Work task: Every line of the data below is to be given again as it appears, with the images removed.

Raw data:
* * *

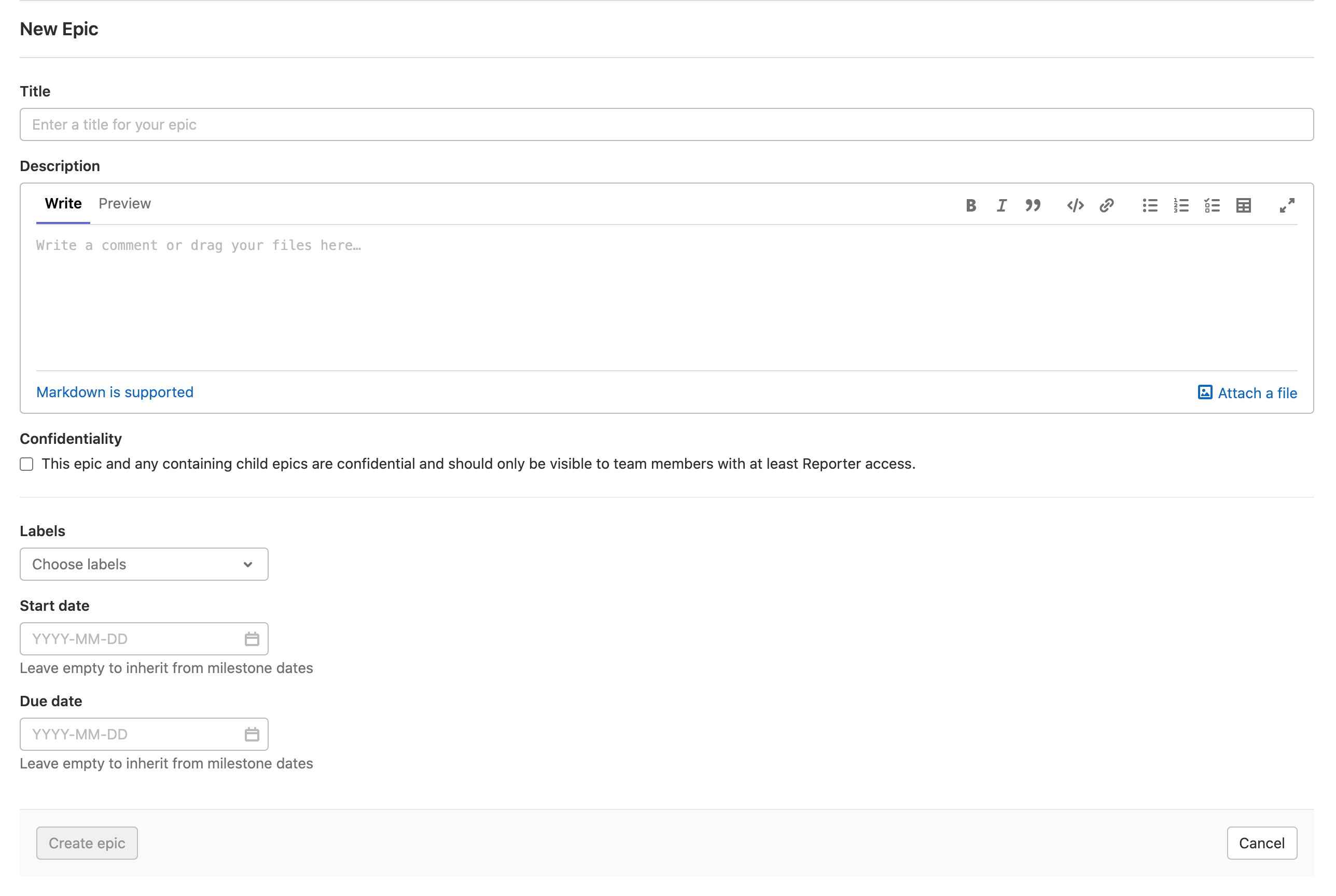 When you’re creating a new epic, these are the fields you can fill in:
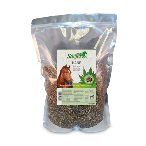 Całe nasiona konopi, które działają korzystnie na zdrowie koni pod wieloma względami. Wzmacniają układ odpornościowy, poprawiają stan skóry, sierści i kopyt. Łagodzą stany zapalne oraz choroby mięśni.
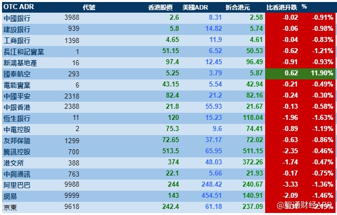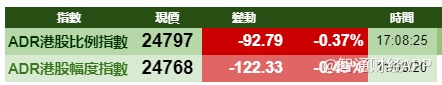 智通财经APP获悉,周二美股三大指数集体收跌,港股ADR指数跟随下跌,按比例计算,收报24797点,跌92.79点0.37%。

* * *

Result of the exercise:
 When you’re creating a new epic, these are the fields you can fill in:
 Całe nasiona konopi, które działają korzystnie na zdrowie koni pod wieloma względami. Wzmacniają układ odpornościowy, poprawiają stan skóry, sierści i kopyt. Łagodzą stany zapalne oraz choroby mięśni.
 智通财经APP获悉,周二美股三大指数集体收跌,港股ADR指数跟随下跌,按比例计算,收报24797点,跌92.79点0.37%。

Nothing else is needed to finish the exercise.